[EXTRACTED RECORDS Boundary: Start]

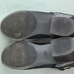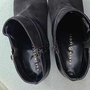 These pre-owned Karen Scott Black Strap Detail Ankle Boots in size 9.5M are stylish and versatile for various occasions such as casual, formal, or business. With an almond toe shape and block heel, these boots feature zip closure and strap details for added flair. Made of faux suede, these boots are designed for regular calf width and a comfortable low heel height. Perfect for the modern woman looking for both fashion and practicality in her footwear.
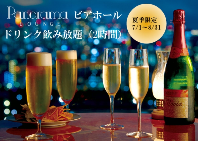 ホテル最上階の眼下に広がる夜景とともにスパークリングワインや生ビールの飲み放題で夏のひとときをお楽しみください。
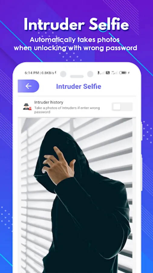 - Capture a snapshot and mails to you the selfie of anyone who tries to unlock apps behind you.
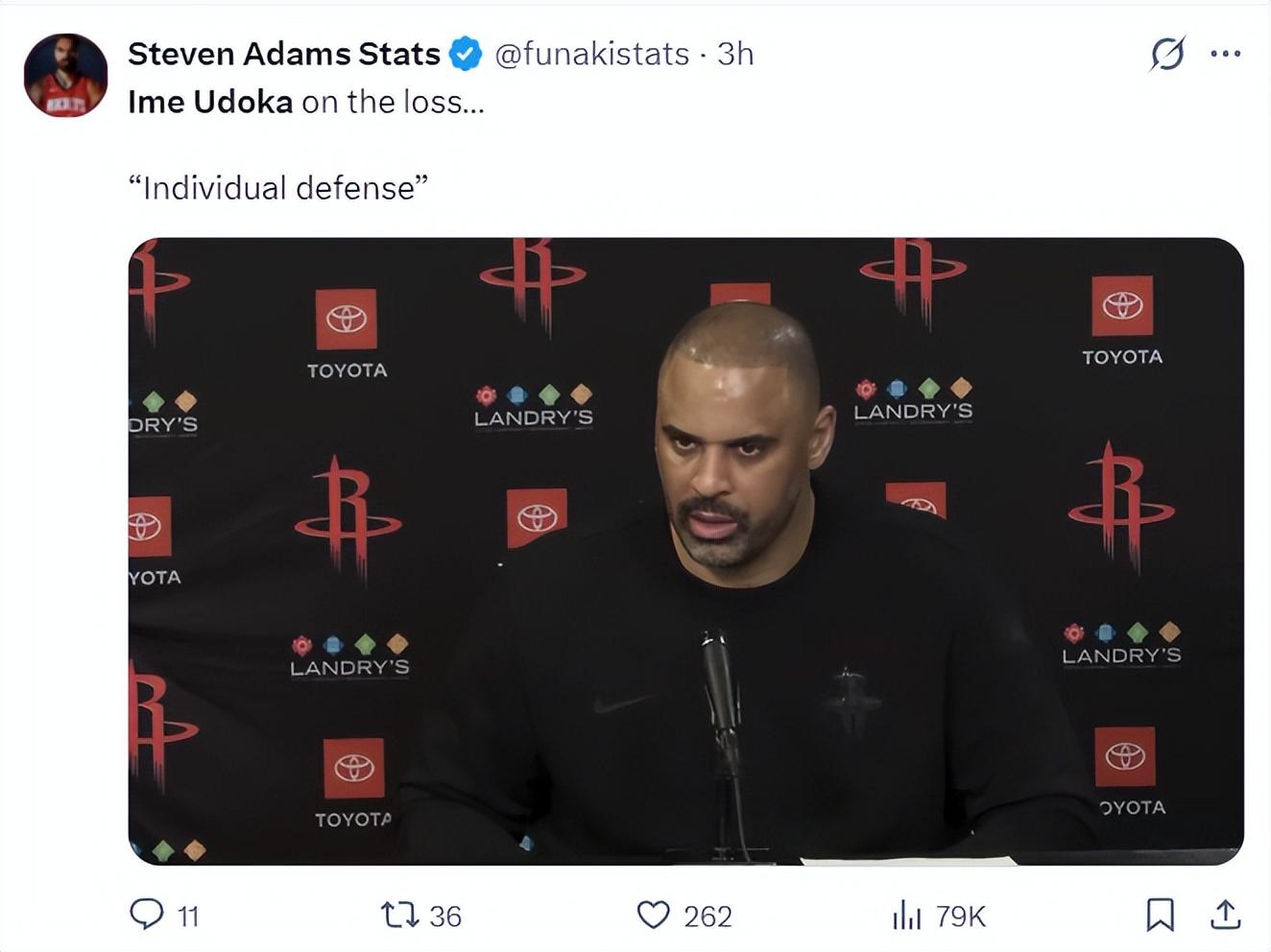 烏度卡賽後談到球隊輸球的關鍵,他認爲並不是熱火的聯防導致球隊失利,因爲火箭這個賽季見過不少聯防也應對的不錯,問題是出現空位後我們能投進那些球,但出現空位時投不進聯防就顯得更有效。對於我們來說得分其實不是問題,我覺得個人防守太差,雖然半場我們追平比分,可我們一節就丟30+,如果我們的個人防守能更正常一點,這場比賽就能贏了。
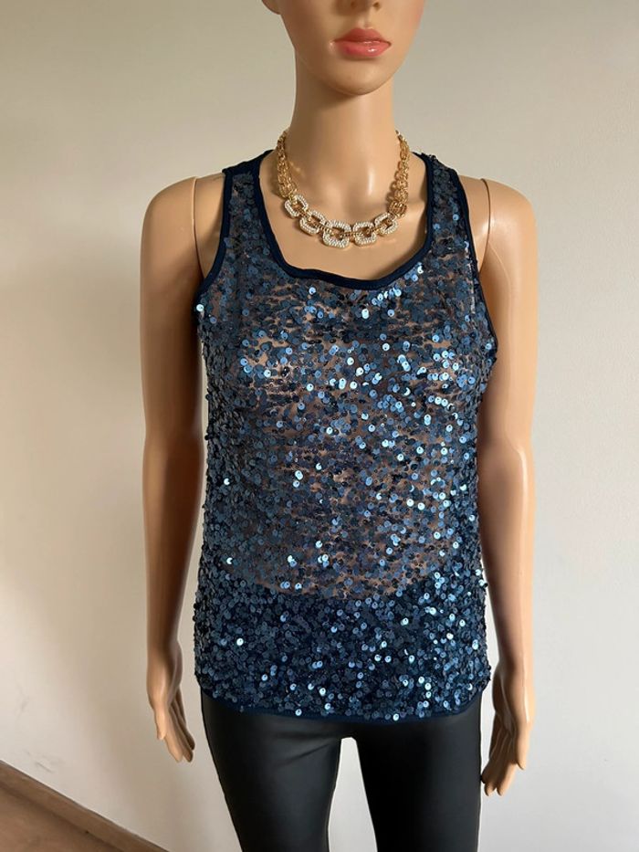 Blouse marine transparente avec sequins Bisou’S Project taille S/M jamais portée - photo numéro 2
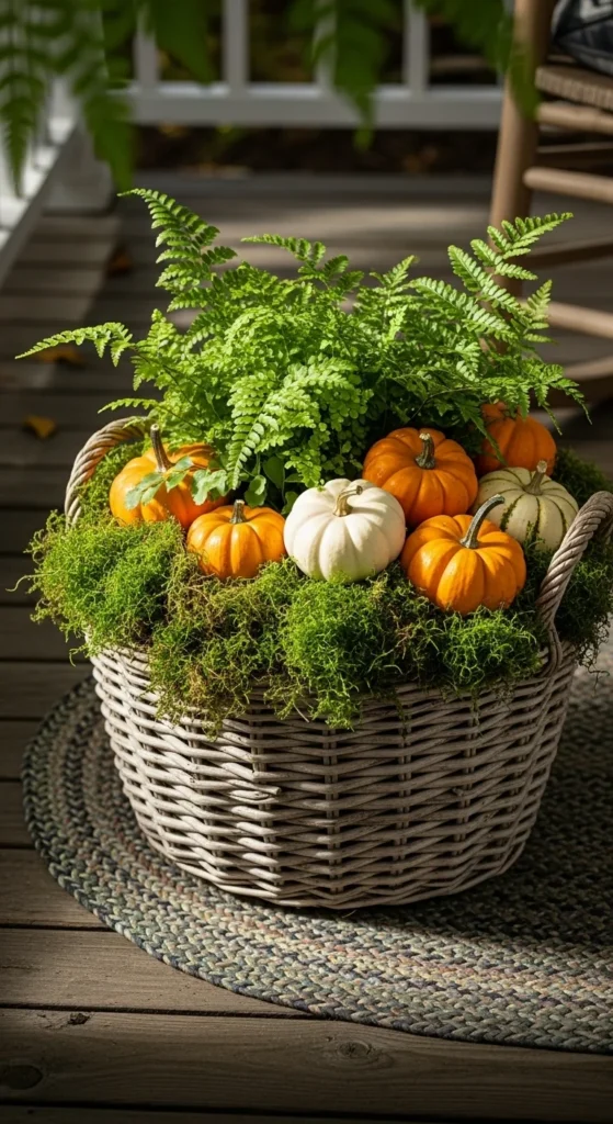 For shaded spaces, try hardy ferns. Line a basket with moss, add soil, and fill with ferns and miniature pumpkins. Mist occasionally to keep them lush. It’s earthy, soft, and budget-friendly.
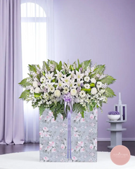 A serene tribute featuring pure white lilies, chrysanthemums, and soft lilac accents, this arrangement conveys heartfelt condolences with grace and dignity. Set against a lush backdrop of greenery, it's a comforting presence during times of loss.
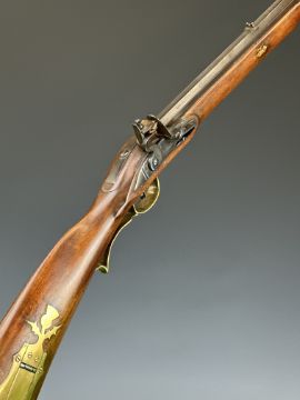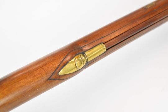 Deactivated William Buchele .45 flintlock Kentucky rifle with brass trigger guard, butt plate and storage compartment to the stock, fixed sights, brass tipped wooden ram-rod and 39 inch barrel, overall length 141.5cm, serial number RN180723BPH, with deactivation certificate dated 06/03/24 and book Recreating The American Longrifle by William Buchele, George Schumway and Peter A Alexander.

[EXTRACTED RECORDS Boundary: End]

__ASSIGNED TASK__: The expected result is the material restated word for word, minus any picture.

__COMPLETED EXERCISE__:
 These pre-owned Karen Scott Black Strap Detail Ankle Boots in size 9.5M are stylish and versatile for various occasions such as casual, formal, or business. With an almond toe shape and block heel, these boots feature zip closure and strap details for added flair. Made of faux suede, these boots are designed for regular calf width and a comfortable low heel height. Perfect for the modern woman looking for both fashion and practicality in her footwear.
 ホテル最上階の眼下に広がる夜景とともにスパークリングワインや生ビールの飲み放題で夏のひとときをお楽しみください。
 - Capture a snapshot and mails to you the selfie of anyone who tries to unlock apps behind you.
 烏度卡賽後談到球隊輸球的關鍵,他認爲並不是熱火的聯防導致球隊失利,因爲火箭這個賽季見過不少聯防也應對的不錯,問題是出現空位後我們能投進那些球,但出現空位時投不進聯防就顯得更有效。對於我們來說得分其實不是問題,我覺得個人防守太差,雖然半場我們追平比分,可我們一節就丟30+,如果我們的個人防守能更正常一點,這場比賽就能贏了。
 Blouse marine transparente avec sequins Bisou’S Project taille S/M jamais portée - photo numéro 2
 For shaded spaces, try hardy ferns. Line a basket with moss, add soil, and fill with ferns and miniature pumpkins. Mist occasionally to keep them lush. It’s earthy, soft, and budget-friendly.
 A serene tribute featuring pure white lilies, chrysanthemums, and soft lilac accents, this arrangement conveys heartfelt condolences with grace and dignity. Set against a lush backdrop of greenery, it's a comforting presence during times of loss.
 Deactivated William Buchele .45 flintlock Kentucky rifle with brass trigger guard, butt plate and storage compartment to the stock, fixed sights, brass tipped wooden ram-rod and 39 inch barrel, overall length 141.5cm, serial number RN180723BPH, with deactivation certificate dated 06/03/24 and book Recreating The American Longrifle by William Buchele, George Schumway and Peter A Alexander.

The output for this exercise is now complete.